Rudolph- He was the brother that the parents felt was 'most likely to succeed'. He becomes the richest of the siblings.

From the book's review at Kirkus: 

"This ever and everlasting novel, proceeding with styleless ease in the most readable fashion possible, spans some twenty years and the three lives of the Jordache children from their divided beginnings to their unified endings in middle age. First Gretchen, from her slatternly start at 17 with a rich failure who to a degree is instrumental in all their lives. Gretchen goes on to New York and a lackluster marriage, to Los Angeles and an exciting one with a film director until his untimely death. Then there's Thomas, the insolent delinquent who disappears for years to become a prizefighter, whom Rudolph (he's next) helps unknowingly, and who repays his debt to society and to the family fully. And last Rudolph, handsome, cautious, acquisitive, who does become a rich man but a responsible one. . . . Mr. Shaw's story keeps going with a self-perpetuating interest and with the kind of professionalism that say Jerome Weidman manifests although forfeiting anything which qualifies at a literary level. But it should be eminently marketplaceable."

From the book's page at Wikipedia:

"The novel is a sprawling work, with over 600 pages, and covers many of the themes Shaw returns to again and again in all of his fiction – Americans living as expatriates in Europe, the McCarthy era, children trying to break away from the kind of life lived by their parents, social and political issues of capitalism, and the pain of relationships. On the very first page Shaw subtly telegraphs the sad ending of the story, in the same way that the first scene of a film will often quote the last scene.

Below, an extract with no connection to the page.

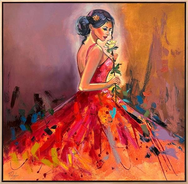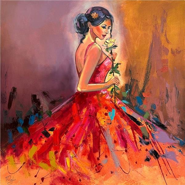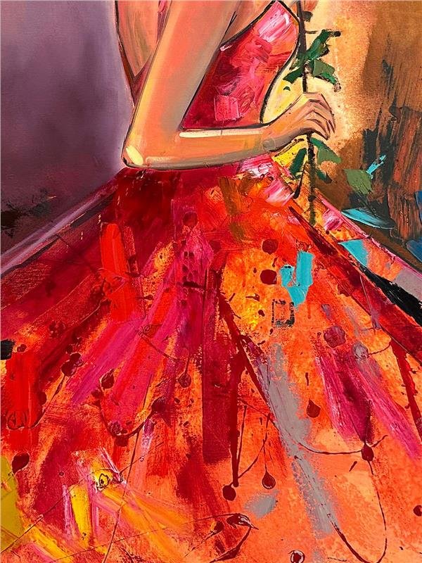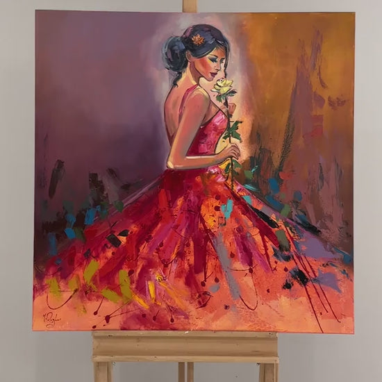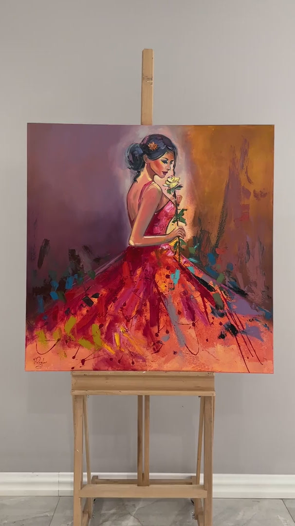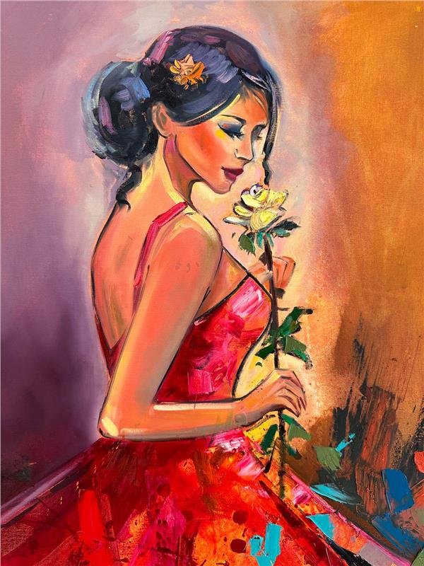 Gül ve Kadının Zarafeti Yağlı Boya Tablosu

Originally published as a short story in Playboy Magazine, it became an international bestseller when published as a novel. The bulk of the novel concerns the three children of German Americans Mary Pease and Axel Jordache – the eldest, Gretchen, the middle child, Rudolph, and the youngest, Thomas. It chronicles their experiences from the end of World War II until the late 1960s."

The novel was adapted into one of the first television miniseries for ABC television in 1976.